Image 88: Example for the proportionality with balanced link volumes
Zones 1 and 2 are connected to node A, the zones 3 and 4 are connected to node B. A and B are connected by the two links x and y, which have the same VDF. Demand is 500 trips each from 1 to 3 and from 1 to 4. The image shows the resulting link volumes in the balanced state. But the link volumes can result from the various route volumes overlaying on the links.
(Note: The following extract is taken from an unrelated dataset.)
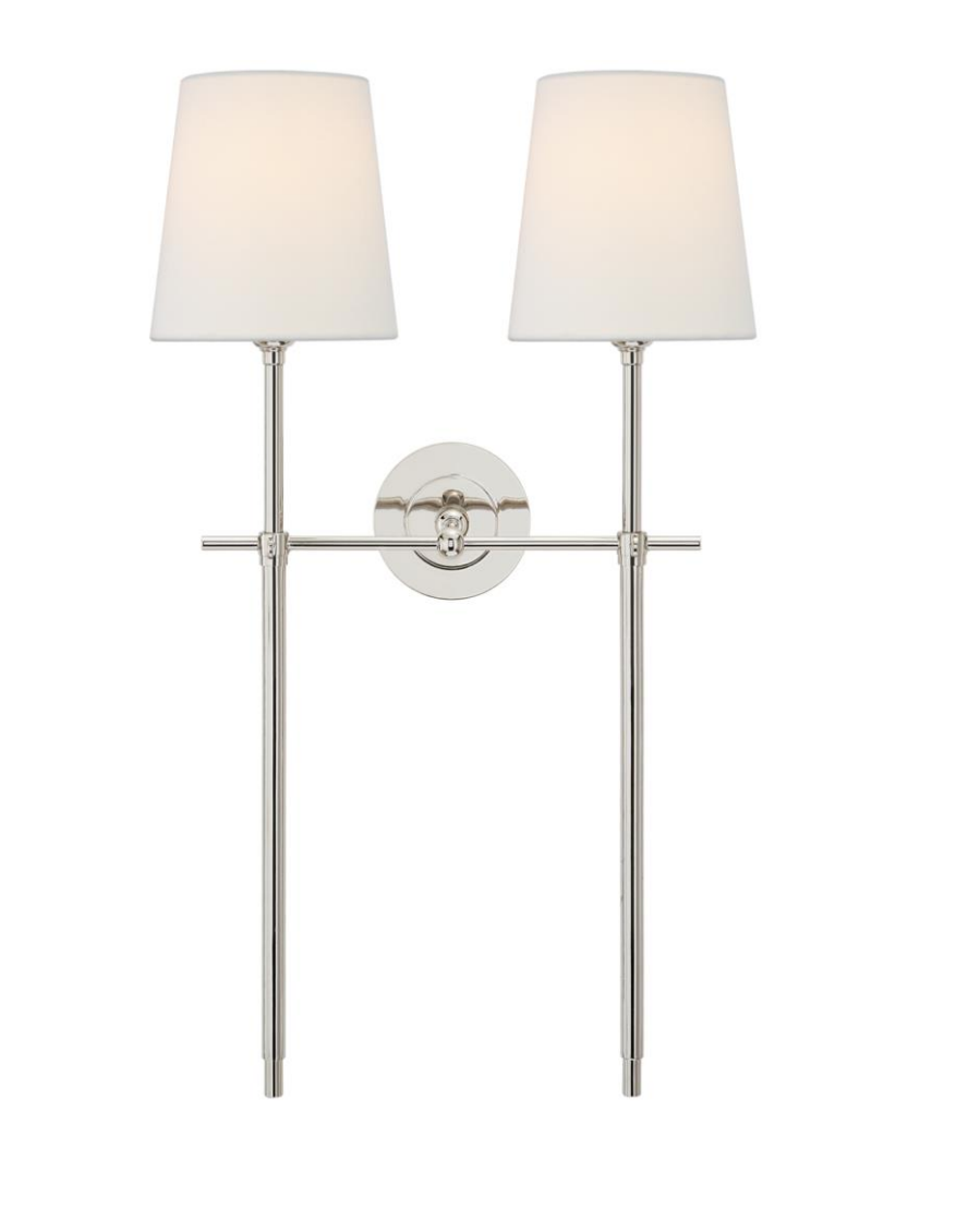- Bryant Large Double wall lamp by Thomas O'Brien by Visual Comfort in polished nickel, finished with a linen lampshade. The lamp has sockets for E 27 bulbs

Three of them are listed in the table:
|
Volume |
Variant 1 |
Variant 2 |
Variant 3 |
|
1 - x - 3 |
200 |
500 |
250 |
|
1 - y - 3 |
300 |
0 |
250 |
|
1 - x - 4 |
300 |
0 |
250 |
|
1 - y - 4 |
200 |
500 |
250 |
Concerning the impedance balance, all variants are equivalent, though variant 3 has the advantage that the route distribution at node A is proportional for the relations to zones 3 and 4. Since the links x and y have the same impedance, there is no reason to believe that road users with destination zone 3 at node A should split between the two links in a different proportion than those with destination zone 4.
While equilibrium procedures can typically arbitrarily generate any of the infinite numbers of path volume variants, assignment procedures that satisfy the requirements of proportionality always load the paths as in variant 3, i.e., with the same proportions.
In general, the conditions for proportionality are met when demand is equally shared across alternative segments of equal impedance, independently of the origin or destination zone as well as their transportation system.
This is illustrated by the extended example in Image 89, now with 500 trips each between zones 2 and 3, and 2 and 4. Again, the image shows balanced link volumes.
Image 89: Extended example for the proportionality with balanced link volumes
Even though the route distributions to the paths within an origin zone show consistent shares, this does not apply to the paths of different origin zones. Again various volume variants can be generated:
|
Volume |
Variant 1 |
Variant 2 |
Variant 3 |
|
1 - x - 3 |
200 |
500 |
250 |
|
1 - y - 3 |
300 |
0 |
250 |
|
1 - x - 4 |
200 |
500 |
250 |
|
1 - y - 4 |
300 |
0 |
250 |
|
2 - x - 3 |
300 |
0 |
250 |
|
2 - y - 3 |
200 |
500 |
250 |
|
2 - x - 4 |
300 |
0 |
250 |
|
2 - y - 4 |
200 |
500 |
250 |
For the same reason as above, variant 3 is the preferable variant, since there is no need for unequal loading of the routes.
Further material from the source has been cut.